Making Racism 'Popular'

Baxter works with Charles Ware. He and Ken Ham co-authored Darwin's Plantation: Evolution's Racist Roots. They contend Darwin did more than anyone else to popularize racism.

On the last page of his book, Darwin expressed the opinion that he would rather be descended from a monkey than from a "savage."

In describing those with darker skin, he often used words like "savage," "low" and "degraded" to describe Native Americans, pygmies and almost every ethnic group whose physical appearance and culture differed from his own. In his work, pygmies have been compared to "lower organisms."

One professor in the 1880s wrote, "I consider the negro to be a lower species of man and cannot make up my mind to look upon him as 'a man and a brother,' for the gorilla would then also have to be admitted into the family."

"Since blacks were somewhere in the evolutionary scale between apes and men, they did not have souls," Ware explained. "And since they didn't have souls, some argued, 'We don't even have to preach the gospel to them.'"

Building a 'Better Breed'

Slavery and segregation kept the races apart, but maybe even more dangerous was how Darwin's theories led to active eugenics.

"[It's] the idea of trying to breed a better human being, often by trying to get the people considered defective not to be able to breed or have children," Baxter explained. "And this was a worldwide phenomenon but the U.S. really pressed it further than anyone else until Nazi Germany."

It led to the forced sterilization of 70,000 Americans, many of them blacks.

Then along came Margaret Sanger, founder of what would become Planned Parenthood.

"Margaret Sanger was very Darwinian and very much inspired by this overall idea," Ware said.

"Part of the impetus behind abortion was to annihilate the black race," Baxter added.

The 'Concern' of Interracial Marriage

There were also many laws to keep blacks from marrying whites. Baxter says lawmakers were made afraid by arguments in books like 1907's Race Mongrels.

"If we don't create this separation of the races, we're going to create this mongol race, this race of, say, retards," Baxter said of the book's content.

But Ware, the father of four interracial children, says that fear was ridiculous.

"People used to say interracial marriage is horrible. [That] it's going to destroy racial groups," he said. "It hasn't destroyed anything. We're still human beings."

Uniting through the Bible

Ware says he has dedicated his life and his ministry to undoing the damage of racism and "bringing red, yellow, black and white together based on biblical principle."

In Indianapolis, Ind., Ware heads Crossroads Bible, a small college, but one with big ideas about racial reconciliation.

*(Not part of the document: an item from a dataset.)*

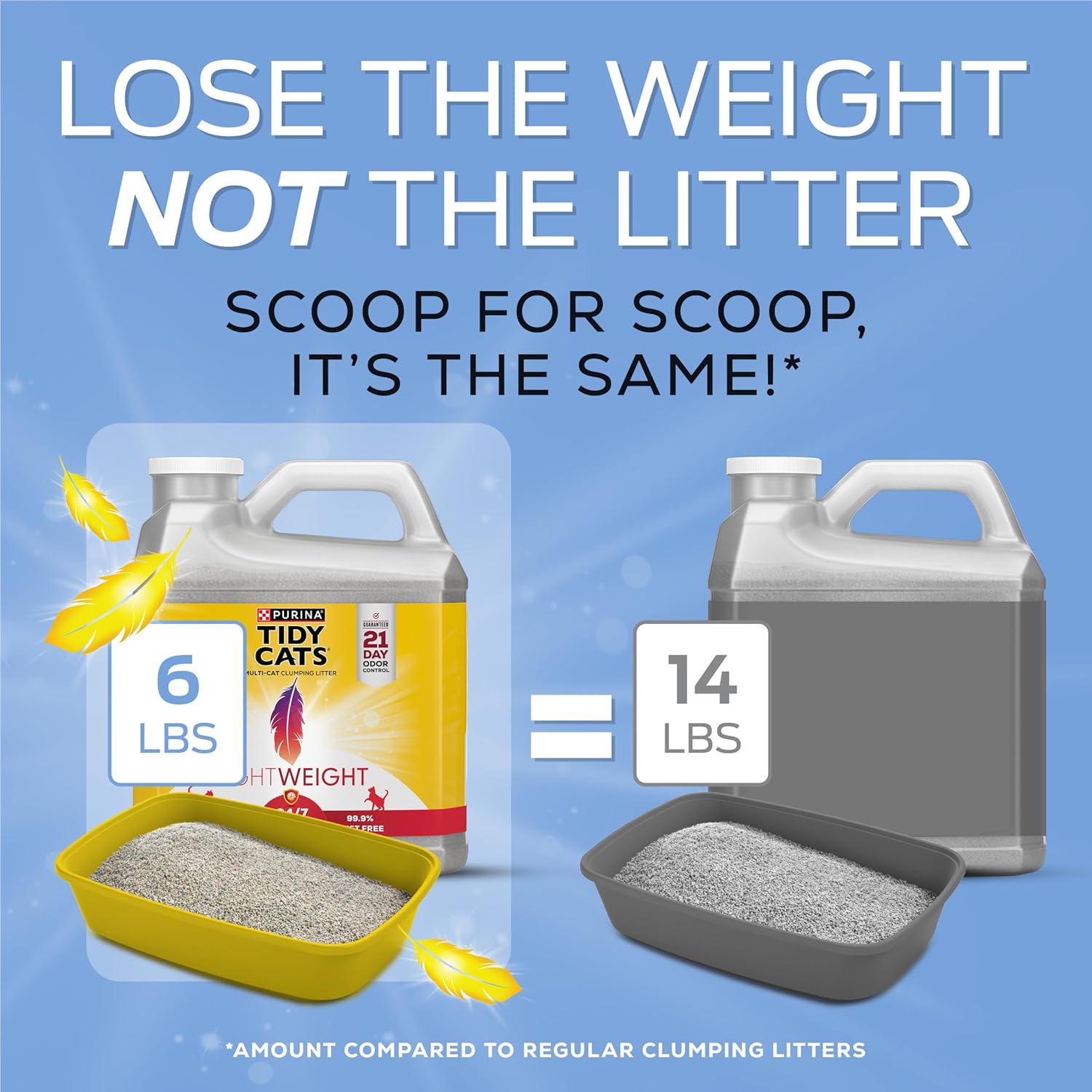 Lighten your kitty litter load while maintaining your cats' litter boxes with Purina Tidy Cats LightWeight 24/7 Performance clumping litter. This Tidy Cats scented litter contains triple-odor protection to work against strong smells and leaves behind a fresh, clean linen scent. The lightweight kitty litter formula weighs half as much as the leading clumping cat litter, making it easy to carry, pour and store. With an added Ammonia Blocker that keeps ammonia odor from forming for 14 days when used as directed, this odor control cat litter provides protection from lingering cat litter box smells all day and all night. The strong, tight clumps make scooping easier, so litter box cleaning is simple and speedy, and the slow-release deodorizing system delivers continuous odor control. Plus, our low dust cat litter formula provides a clean and easy pour to make refills more pleasant. Fill your cats' boxes with powerful odor control, and give them a Tidy place to call their own.

It starts with showing what the Bible says about race -- a direct contradiction of Darwinism:

Race Only 'Skin Deep'

In their book, Ware and Ham point out modern genetics shows racial differences are in reality little more than skin-deep, and quote a scientist who says race is "a social construct...and it has no basic biological reality."

Crossroads Bible asks its students to push hard across race barriers.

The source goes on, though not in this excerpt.